Predicting the histologic response of tumor during NCT may be a better option than doing so after completion of NCT in the clinic because the latter is too late to modify the NCT regimen. In 2012, Im et al. found that SUVmax after 1 cycle of NCT can also predict the histologic response with an accuracy of 92.9% using a cutoff of 3.2 (37). This result was reproduced by Byun et al. in 2014 (41) and Davis et al. in 2018 (38). Metabolic–volumetric parameters of PET, such as metabolic tumor volume (MTV) and total lesion glycolysis (TLG, the product of tumor segmented SUVmean and MTV), during and after the NCT also showed predictive value for histologic response (36,37,41). Byun et al. reported that SUVmax, MTV, and TLG after 1 cycle of NCT could predict histologic response, but tumor volume assessed by MRI could not (41). Among PET parameters, SUVmax could be a better choice than metabolic–volumetric parameters because MTV and TLG measurements depend on the PET tumor segmentation methods, which are not standardized (42). Also, SUVmax during NCT performed similarly to MTV and TLG in predicting the histologic response (area under the curve, 0.956 for all parameters) (37). Because the level of water molecule diffusion can be changed according to the cellularity of the primary lesion, diffusion-weighted MRI can be used to predict the histologic response of osteosarcoma; thus, combining PET and diffusion-weighted MRI may be an effective method to predict the histologic response (35).

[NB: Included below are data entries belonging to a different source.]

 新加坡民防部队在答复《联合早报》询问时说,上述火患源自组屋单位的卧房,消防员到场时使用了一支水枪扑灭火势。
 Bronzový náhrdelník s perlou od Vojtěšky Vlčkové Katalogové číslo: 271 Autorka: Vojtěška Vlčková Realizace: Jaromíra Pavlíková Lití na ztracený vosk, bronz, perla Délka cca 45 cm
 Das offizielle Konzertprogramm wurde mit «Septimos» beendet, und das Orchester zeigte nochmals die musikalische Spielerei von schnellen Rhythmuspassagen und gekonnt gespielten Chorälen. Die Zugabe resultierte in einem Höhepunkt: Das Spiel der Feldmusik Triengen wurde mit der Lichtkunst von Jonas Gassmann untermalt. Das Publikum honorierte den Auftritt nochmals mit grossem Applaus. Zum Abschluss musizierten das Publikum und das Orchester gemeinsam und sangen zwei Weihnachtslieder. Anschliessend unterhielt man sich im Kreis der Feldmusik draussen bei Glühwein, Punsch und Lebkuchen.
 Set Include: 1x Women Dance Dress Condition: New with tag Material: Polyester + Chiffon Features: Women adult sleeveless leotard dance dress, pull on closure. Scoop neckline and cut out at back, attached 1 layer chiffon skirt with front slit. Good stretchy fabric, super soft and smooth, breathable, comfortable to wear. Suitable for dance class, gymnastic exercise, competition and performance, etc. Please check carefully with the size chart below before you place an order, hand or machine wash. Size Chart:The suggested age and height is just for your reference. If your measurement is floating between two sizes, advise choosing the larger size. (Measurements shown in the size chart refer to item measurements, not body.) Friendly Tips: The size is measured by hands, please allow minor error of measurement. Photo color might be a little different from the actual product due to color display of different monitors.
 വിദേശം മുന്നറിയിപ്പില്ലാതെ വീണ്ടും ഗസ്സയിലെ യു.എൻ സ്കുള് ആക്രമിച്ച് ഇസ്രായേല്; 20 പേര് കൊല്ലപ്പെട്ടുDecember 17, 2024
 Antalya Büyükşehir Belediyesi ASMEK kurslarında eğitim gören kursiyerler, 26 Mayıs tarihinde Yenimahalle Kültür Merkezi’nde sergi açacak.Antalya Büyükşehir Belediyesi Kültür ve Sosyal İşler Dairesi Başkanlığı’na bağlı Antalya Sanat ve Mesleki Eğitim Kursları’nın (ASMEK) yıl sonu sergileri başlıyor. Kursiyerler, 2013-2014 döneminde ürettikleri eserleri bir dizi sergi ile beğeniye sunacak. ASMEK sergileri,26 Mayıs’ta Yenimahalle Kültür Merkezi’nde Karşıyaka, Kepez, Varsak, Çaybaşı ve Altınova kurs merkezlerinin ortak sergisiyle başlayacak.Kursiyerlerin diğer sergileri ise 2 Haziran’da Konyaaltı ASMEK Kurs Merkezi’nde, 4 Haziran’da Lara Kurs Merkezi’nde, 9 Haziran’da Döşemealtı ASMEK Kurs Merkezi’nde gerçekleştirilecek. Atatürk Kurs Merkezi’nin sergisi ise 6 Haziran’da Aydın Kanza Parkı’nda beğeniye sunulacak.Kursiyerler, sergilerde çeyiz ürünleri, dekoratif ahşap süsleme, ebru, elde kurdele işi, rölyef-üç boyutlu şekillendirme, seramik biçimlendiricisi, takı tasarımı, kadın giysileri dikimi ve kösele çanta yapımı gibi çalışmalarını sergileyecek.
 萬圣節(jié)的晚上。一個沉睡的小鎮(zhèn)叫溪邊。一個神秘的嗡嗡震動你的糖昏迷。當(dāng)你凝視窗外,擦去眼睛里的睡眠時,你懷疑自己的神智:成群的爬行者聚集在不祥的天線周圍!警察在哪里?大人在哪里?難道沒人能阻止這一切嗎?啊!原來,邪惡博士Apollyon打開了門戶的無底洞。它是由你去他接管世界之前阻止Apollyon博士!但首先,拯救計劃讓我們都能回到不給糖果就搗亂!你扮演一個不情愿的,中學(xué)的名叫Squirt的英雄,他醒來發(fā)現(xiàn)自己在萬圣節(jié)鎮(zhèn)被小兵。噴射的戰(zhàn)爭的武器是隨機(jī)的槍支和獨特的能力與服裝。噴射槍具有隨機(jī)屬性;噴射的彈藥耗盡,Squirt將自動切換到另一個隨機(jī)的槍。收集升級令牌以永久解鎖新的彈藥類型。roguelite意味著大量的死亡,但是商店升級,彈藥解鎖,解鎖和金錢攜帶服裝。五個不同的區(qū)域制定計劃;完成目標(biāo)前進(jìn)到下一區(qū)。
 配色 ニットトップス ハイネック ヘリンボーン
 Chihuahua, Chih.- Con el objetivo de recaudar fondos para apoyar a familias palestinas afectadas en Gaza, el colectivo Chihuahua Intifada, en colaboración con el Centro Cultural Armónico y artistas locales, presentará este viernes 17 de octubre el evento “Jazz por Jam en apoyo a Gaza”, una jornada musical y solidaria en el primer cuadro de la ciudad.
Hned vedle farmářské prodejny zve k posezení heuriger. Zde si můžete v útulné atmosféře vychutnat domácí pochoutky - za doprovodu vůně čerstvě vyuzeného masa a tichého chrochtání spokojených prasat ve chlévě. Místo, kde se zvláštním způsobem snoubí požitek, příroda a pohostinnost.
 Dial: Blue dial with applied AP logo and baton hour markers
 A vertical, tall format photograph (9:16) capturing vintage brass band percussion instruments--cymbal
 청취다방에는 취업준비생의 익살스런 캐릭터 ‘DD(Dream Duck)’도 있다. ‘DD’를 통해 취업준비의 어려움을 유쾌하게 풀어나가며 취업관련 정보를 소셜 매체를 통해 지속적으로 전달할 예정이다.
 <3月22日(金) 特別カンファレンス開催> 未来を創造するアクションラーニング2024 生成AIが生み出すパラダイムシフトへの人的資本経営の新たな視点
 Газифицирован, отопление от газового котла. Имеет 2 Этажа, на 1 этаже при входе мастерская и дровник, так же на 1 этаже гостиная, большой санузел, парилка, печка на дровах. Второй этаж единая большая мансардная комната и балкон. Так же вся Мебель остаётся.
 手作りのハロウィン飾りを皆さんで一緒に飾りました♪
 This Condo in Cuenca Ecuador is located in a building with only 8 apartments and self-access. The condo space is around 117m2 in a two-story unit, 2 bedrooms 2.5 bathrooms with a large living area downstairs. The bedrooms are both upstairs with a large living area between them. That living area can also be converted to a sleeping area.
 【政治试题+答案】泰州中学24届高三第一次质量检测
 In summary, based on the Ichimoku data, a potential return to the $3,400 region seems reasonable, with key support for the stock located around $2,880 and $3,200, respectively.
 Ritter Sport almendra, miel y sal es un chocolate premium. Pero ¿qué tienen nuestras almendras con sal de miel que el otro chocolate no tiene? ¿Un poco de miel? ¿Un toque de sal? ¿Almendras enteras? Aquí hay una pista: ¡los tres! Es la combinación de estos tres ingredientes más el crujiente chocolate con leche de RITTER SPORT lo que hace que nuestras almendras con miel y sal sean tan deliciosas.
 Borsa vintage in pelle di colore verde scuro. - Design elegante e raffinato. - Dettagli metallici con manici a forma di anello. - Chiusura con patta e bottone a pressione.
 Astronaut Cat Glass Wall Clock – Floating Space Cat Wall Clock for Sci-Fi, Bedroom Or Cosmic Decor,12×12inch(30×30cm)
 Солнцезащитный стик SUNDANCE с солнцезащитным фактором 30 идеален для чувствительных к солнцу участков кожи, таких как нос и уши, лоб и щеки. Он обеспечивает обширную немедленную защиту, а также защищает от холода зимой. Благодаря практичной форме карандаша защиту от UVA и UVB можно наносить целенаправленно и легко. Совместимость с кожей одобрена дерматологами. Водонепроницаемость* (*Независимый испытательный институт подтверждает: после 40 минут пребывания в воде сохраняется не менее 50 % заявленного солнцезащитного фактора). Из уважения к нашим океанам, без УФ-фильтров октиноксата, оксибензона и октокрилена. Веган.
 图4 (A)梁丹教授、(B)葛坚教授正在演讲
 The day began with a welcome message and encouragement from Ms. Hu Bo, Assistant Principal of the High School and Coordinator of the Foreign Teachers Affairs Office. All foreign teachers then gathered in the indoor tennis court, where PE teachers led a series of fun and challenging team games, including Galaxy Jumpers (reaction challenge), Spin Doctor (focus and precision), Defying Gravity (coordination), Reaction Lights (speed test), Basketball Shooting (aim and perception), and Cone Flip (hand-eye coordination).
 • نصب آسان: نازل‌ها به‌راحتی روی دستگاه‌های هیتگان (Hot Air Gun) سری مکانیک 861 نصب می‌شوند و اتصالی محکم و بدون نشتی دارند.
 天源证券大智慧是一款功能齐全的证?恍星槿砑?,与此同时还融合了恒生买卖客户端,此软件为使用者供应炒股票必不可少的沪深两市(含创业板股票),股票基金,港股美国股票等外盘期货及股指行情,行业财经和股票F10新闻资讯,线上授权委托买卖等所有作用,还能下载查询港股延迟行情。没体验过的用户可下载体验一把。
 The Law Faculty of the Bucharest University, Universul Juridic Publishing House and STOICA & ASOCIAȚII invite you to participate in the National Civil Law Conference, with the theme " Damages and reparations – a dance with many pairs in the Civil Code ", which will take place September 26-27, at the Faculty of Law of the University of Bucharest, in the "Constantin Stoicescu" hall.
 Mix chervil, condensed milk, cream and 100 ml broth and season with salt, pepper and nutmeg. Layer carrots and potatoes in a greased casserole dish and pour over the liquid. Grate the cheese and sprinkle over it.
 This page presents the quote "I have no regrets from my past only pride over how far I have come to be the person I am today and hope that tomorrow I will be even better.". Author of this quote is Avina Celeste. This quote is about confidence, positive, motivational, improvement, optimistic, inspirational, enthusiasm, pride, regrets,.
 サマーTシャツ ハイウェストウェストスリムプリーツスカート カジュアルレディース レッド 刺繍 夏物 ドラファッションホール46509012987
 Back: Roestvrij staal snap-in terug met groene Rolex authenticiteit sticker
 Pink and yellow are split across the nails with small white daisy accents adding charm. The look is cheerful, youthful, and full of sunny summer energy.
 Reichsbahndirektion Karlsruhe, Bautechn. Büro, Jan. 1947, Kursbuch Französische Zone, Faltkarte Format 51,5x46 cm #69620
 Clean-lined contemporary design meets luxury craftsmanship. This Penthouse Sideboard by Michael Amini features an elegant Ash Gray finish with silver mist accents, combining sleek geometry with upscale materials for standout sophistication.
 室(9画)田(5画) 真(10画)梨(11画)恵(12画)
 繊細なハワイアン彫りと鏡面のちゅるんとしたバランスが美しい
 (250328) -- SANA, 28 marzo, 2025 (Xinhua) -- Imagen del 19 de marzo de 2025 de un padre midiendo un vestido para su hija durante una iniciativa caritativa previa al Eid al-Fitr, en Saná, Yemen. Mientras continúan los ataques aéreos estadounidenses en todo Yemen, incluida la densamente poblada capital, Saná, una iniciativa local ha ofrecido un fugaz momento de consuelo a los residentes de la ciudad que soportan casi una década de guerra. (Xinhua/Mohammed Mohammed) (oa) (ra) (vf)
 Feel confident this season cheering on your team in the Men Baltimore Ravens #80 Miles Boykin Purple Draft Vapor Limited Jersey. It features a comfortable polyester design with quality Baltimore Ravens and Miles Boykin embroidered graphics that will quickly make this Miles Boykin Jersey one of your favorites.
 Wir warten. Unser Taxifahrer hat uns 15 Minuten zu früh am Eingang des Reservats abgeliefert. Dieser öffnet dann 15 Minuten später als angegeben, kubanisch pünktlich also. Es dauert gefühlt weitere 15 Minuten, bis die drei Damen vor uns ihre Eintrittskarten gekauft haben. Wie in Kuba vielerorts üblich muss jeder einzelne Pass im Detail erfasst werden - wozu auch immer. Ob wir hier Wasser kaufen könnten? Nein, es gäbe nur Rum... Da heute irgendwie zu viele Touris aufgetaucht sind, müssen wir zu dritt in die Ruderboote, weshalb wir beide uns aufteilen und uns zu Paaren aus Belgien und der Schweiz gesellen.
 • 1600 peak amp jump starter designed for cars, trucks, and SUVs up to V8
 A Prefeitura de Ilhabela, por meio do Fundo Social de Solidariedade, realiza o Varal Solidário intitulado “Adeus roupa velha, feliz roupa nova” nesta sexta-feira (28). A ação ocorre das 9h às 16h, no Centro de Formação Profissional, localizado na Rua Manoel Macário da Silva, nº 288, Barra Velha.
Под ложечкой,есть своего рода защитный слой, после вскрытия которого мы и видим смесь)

Furthermore, predicting tumor histologic response using the baseline PET/CT has been attempted. Byun et al. used dual-phase (i.e., dual-time point) baseline PET/CT obtained at 60 and 120 min after 18F-FDG injection (43), finding that the mean retention index at baseline PET/CT was predictive of histologic response, with a moderate accuracy of 71% (Supplemental Fig. 3). However, Im et al. reported that although conventional parameters of baseline PET/CT could not predict histologic response, kurtosis and skewness among histogram-based parameters could, with areas under the curve of 0.718 and 0.714, respectively. The predictive value could be enhanced using a machine learning algorithm (area under the curve, 0.821), but the predictive values of texture features depended on the type of segmentation method and machine learning algorithm (44). Altogether, more evidence is needed to prove that baseline PET/CT is predictive of histologic response after NCT.
PREDICTION OF OUTCOMES
Prognostic Factors
Tumor site, size, primary metastases, response to chemotherapy, and surgical remission are the reported independent prognostic factors in osteosarcoma (3). Osteosarcoma arising in pelvic or axial bones has a worse prognosis than that of disease in extremity bones, with pelvic osteosarcoma having reported 5-y OS rates of 27%–47% (45). Osteosarcoma arising in the spine has an even worse prognosis, with a median survival time of 10–23 mo (46). Tumor stage is also prognostic. In the Musculoskeletal Tumor Society’s Enneking system, stage IA showed an almost 100% 5-y survival rate, yet IIB showed a 5-y survival rate of only 40% (47). Among patients with metastases, those with only lung metastases have a more favorable prognosis than do those with extrapulmonary lesions (5-y OS rate, 38% vs. 10.9%) (3). The presence of skip metastasis is associated with a poor prognosis (48). Being younger than 40 y is a good prognostic factor (5-y survival rate, 65.1% vs. 55.0%) (3). In the literature, the most reliable cutoff differentiating favorable from unfavorable response to chemotherapy is 90% necrosis, with greater than 90% necrosis considered favorable (31). Prognostic factors can be applied differently according to age. Response to chemotherapy is applied as a prognostic factor in pediatric patients but not in adult patients (49). Meanwhile, pathologic fracture was associated with poor prognosis in adult patients but not in pediatric patients (50).
Role of 18F-FDG PET/CT
Evaluations of the prognostic value of PET/CT parameters are summarized in Table 4. In 2009, Costelloe et al. was the first to report that SUVmax and TLG, both at baseline and after NCT, could predict progression-free survival and OS (51). Hawkins et al. reported that an SUVmax of over 2.5 after NCT is associated with worse progression-free survival (33). Byun et al. also reported that baseline MTV and TLG could predict metastasis-free survival (52). However, Bailly et al.’s tests of multiple baseline PET/CT parameters for predicting prognosis indicated that only the elongation feature, a type of shape feature, was significantly associated with progression-free survival and OS (53). The elongation feature is the ratio of the longer and shorter edges of the smallest rectangle that encloses the measured region. An elongation factor of 1 indicates maximum symmetry. Most PET/CT parameters were not prognostic in the study, and the parameters were used as continuous variables only. However, the previous studies found that the dichotomized PET/CT parameters are prognostic (53). We reported that most of the dichotomized PET/CT parameters, including SUVmax, SUVpeak, MTV, and TLG at baseline, during, and after NCT, are predictive of event-free survival and OS (Supplemental Fig. 4). Furthermore, we found that the parameters were predictive of event-free survival and OS even after adjustment for the histologic response and initial staging (54).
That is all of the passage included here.